A finite Galois extension is transitive. This follows from properties of integral extensions. See Action of finite group of automorphisms on Spec A. As D_S mentioned, you can use that the $\mathrm{Aut}(L/K)$-invariant elements of $A\otimes_K L$ are just $A$; see for example the proof of Theorem 2.14 here: http://www.math.uconn.edu/~kconrad/blurbs/galoistheory/galoisdescent.pdf

If $K$ has characteristic $p>0$ then $K^{1/p}/K$ is transitive. More specifically, there is a unique prime lying above ${\frak p}$; it's ${\frak p}^{1/p}:=\{x^{1/p}\mid x\in {\frak p}\},$ the preimage of ${\frak p}$ under the Frobenius isomorphism $K^{1/p}\to K.$

If we have a tower $M\supset L\supset K$ where both extensions are transitive, then $M\supset K$ is transitive (transitivity of transitivity!).

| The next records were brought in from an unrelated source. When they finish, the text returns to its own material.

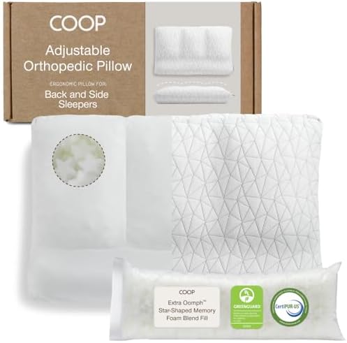 View full detailsCoop Home Goods Adjustable Orthopedic Pillow King, Ergonomic Cervical Neck Support, Memory Foam Pillows for Side & Back Sleepers, Breathable, Washable Cover, GREENGUARD & CertiPUR-US Certified
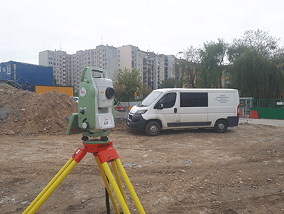 | Tachymetr Leica w trakcie nadzoru archeologicznego przy budowie metra w Warszawie |
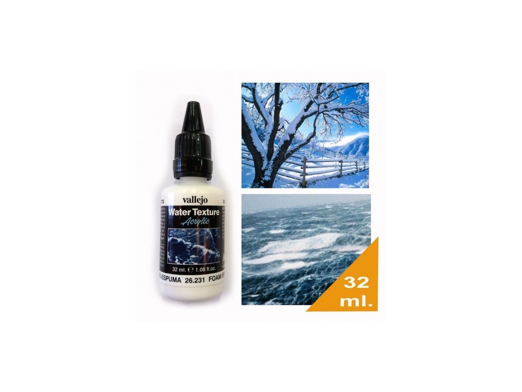 Vallejo Diorama and Water textures are a unique formulation of water-based textures designed to enhance and create realistic effects on scale models, dioramas and vignettes. The effects dry to a hard durable finish, and handles well and may be over painted. Tools and implements may be cleaned with water.

Given ${\frak q},{\frak q}'\subset A\otimes_K M$ lying above ${\frak p},$ some element of $\mathrm{Aut}(L/K)$ takes ${\frak q}\cap A\otimes_K L$ to ${\frak q}'\cap A\otimes_K L.$ We can extend this to an element $\sigma\in\mathrm{Aut}(M/K),$ then compose with an element of $\mathrm{Aut}(M/L)$ sending $\sigma({\frak q})$ to ${\frak q}'.$

By Zorn's lemma, given any algebraic extension $M/K$ there is a maximal transitive extension $L/K$ with $L\subseteq M.$ This implies that separable closures and perfect closures are transitive. Using the fact that the algebraic closure is the separable closure of the perfect closure gives the result.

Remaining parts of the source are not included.